TASK OBJECTIVE
Nothing but the lines from the one that holds "Snowman Merry Christmas - Initial Ornament" through the end of the material should be repeated, each exactly as it stands, and pictures stay out.

RAW DATA
——
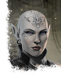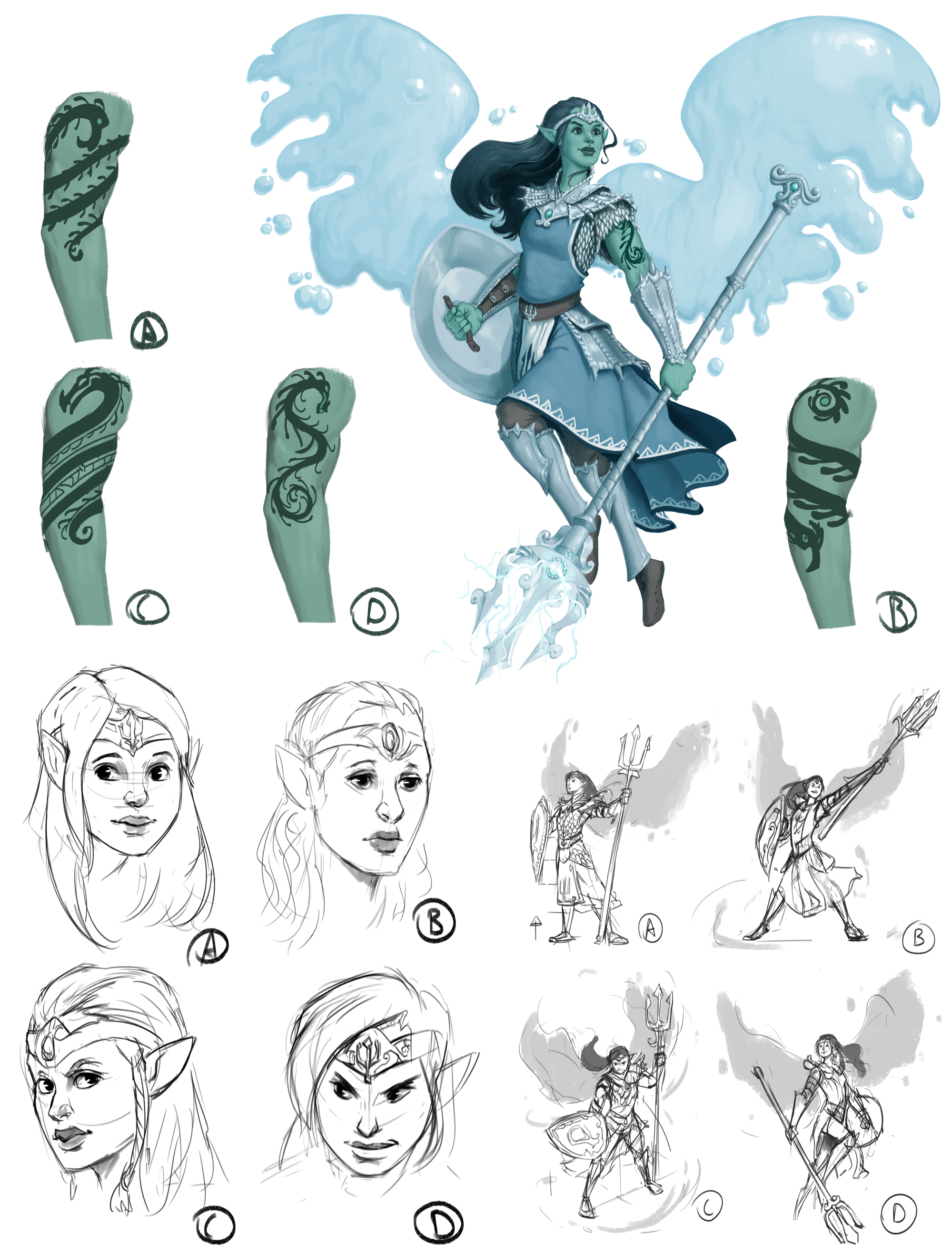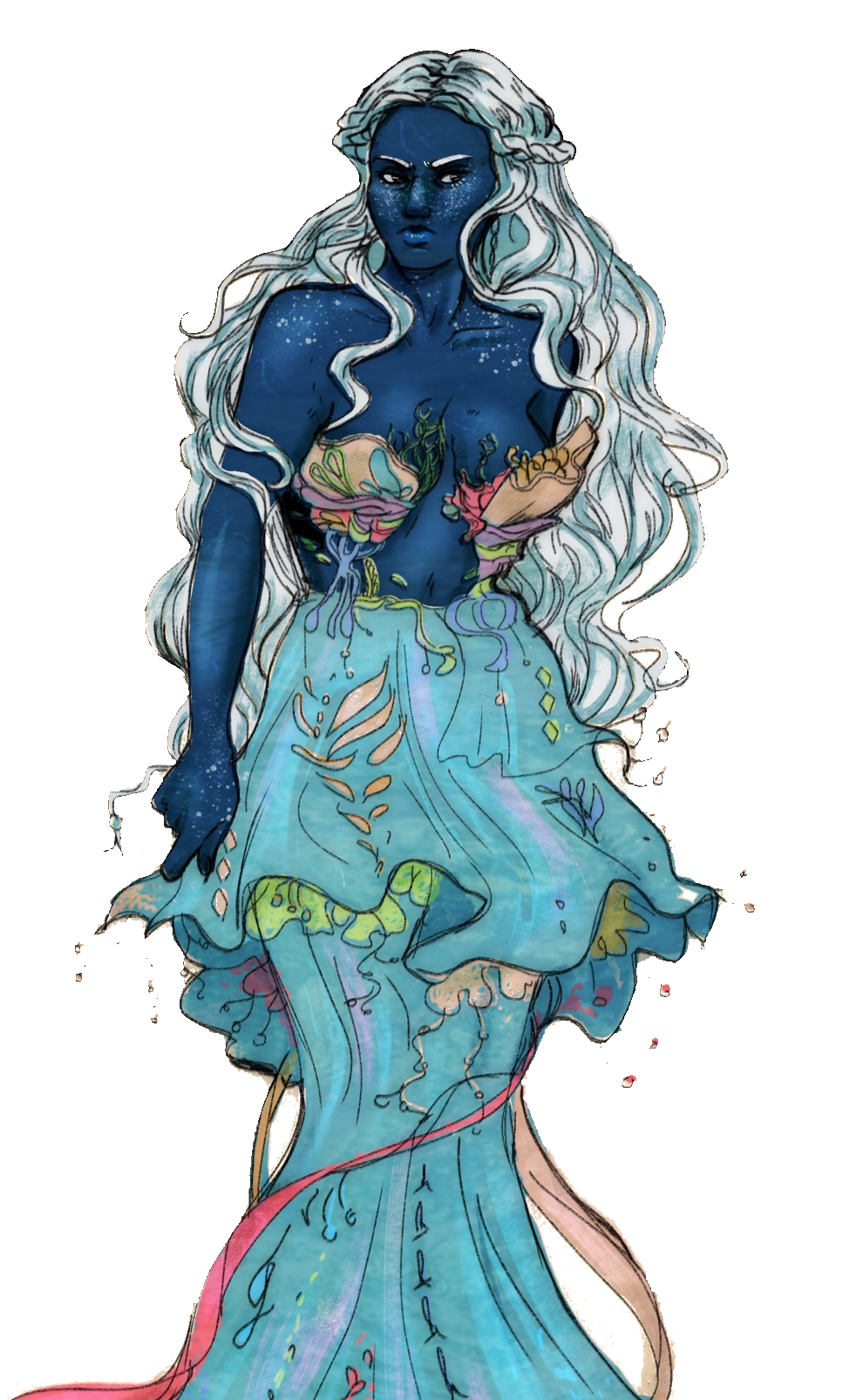 Other traits of hers are being inquisitive, brave, self-confident, calm under pressure, and calculating when it comes to matters of strategy. She can be aloof and detached emotionally, hesitant to let others into her life in any permanent sense. She has a strong sense of ambition and a willingness to forge her own way. She is also fond of showing off her impressive and imposing magical skills. She is tall, but perhaps not as tall as a typical elf. Her skin is sea-foam green that always looks slightly moist. Her long dark hair is black with a blue sheen. Her face resembles the Elven side of her heritage: high cheekbones and arched brows. She prefers to wear bold makeup that enhances her sharp features, leaning into and embracing colors that complement her natural skin tone. She has an athletic build; that of a strong swimmer. She wears clothes that are obviously of good quality but avoids wearing anything with her family emblem unless absolutely necessary to garner political clout. She wields a mace and shield she collected from the family armory before leaving Uthorim.
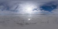 A salt lake in Utah, USA, showcasing expansive open spaces. The sun is visible in the sky, casting sunshine over the desert landscape. Mountains and clouds enhance the natural beauty of Salt Lake City.
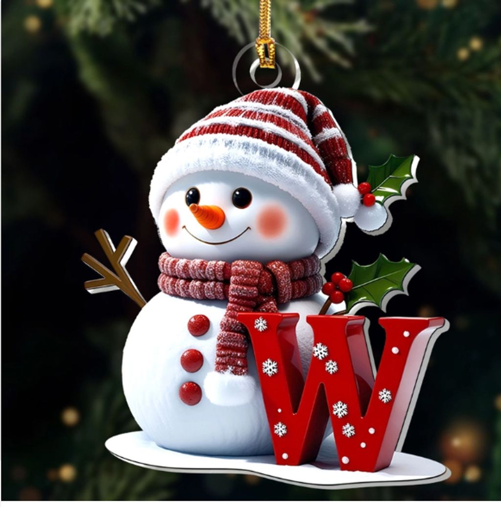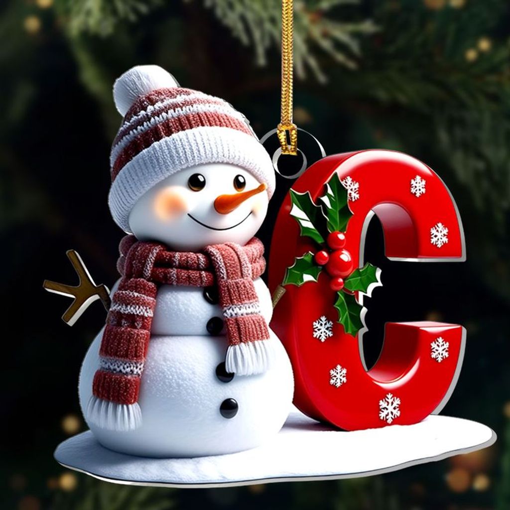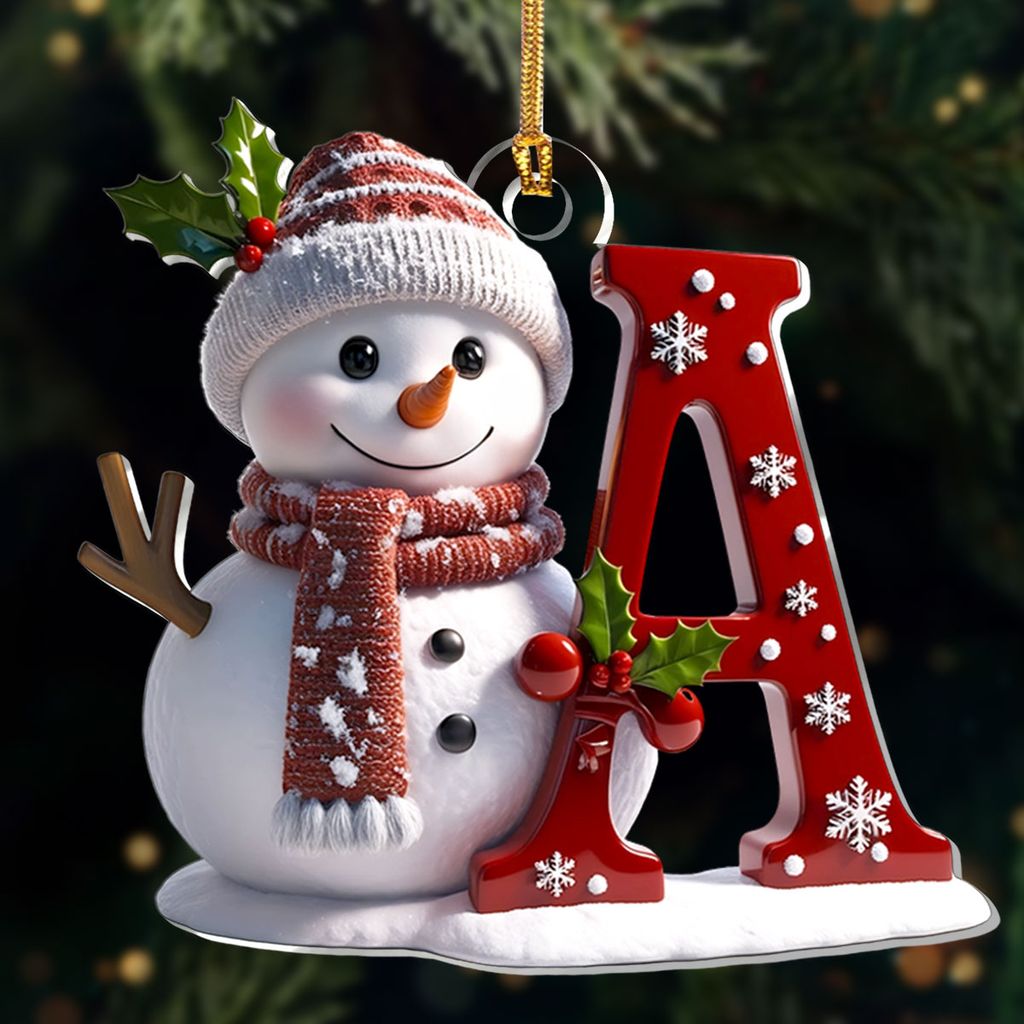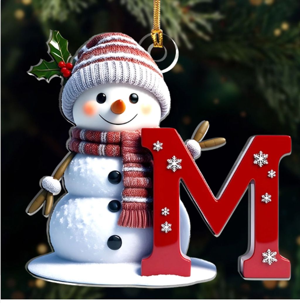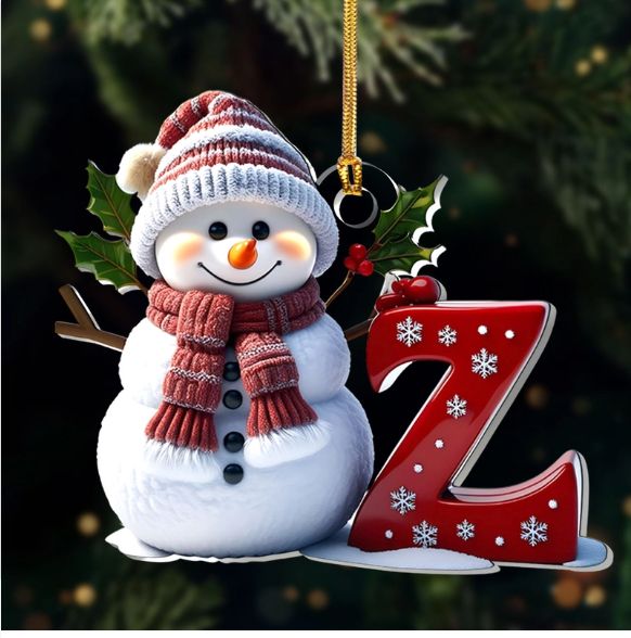 Snowman Merry Christmas - Initial Ornament
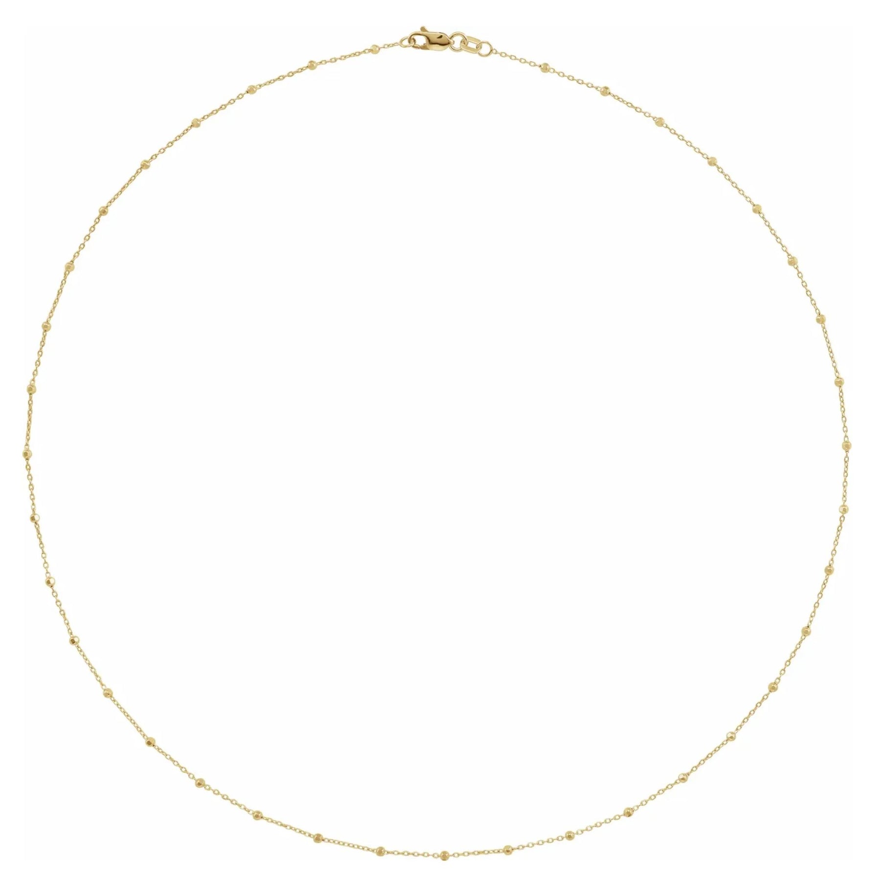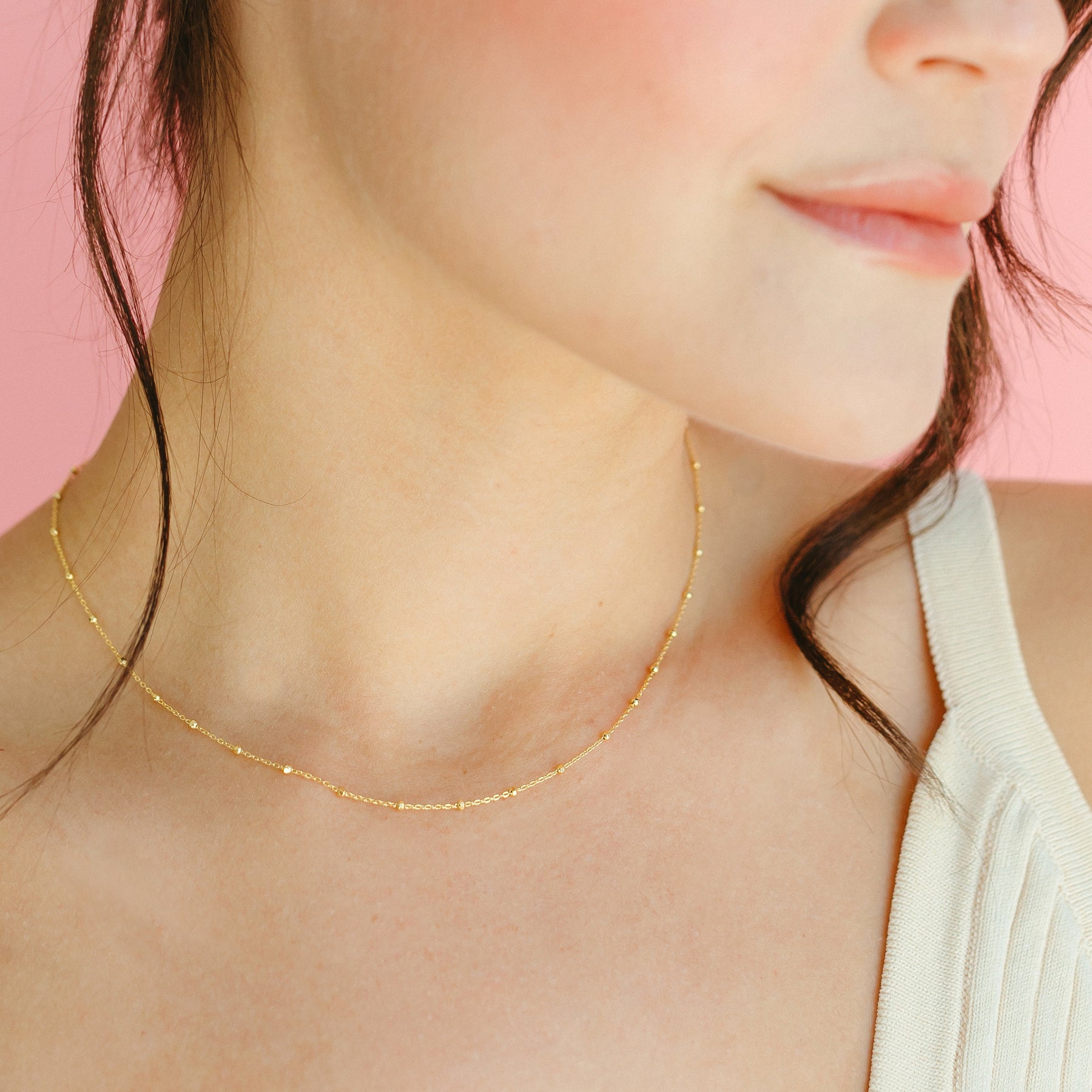 Our Solid Gold Satellite Necklace is a dainty forever piece you'll love for years to come. Wear it everyday, all day. It's the perfect piece to layer and looks equally as sweet worn solo.
——
ANSWER BELOW
 Snowman Merry Christmas - Initial Ornament
 Our Solid Gold Satellite Necklace is a dainty forever piece you'll love for years to come. Wear it everyday, all day. It's the perfect piece to layer and looks equally as sweet worn solo.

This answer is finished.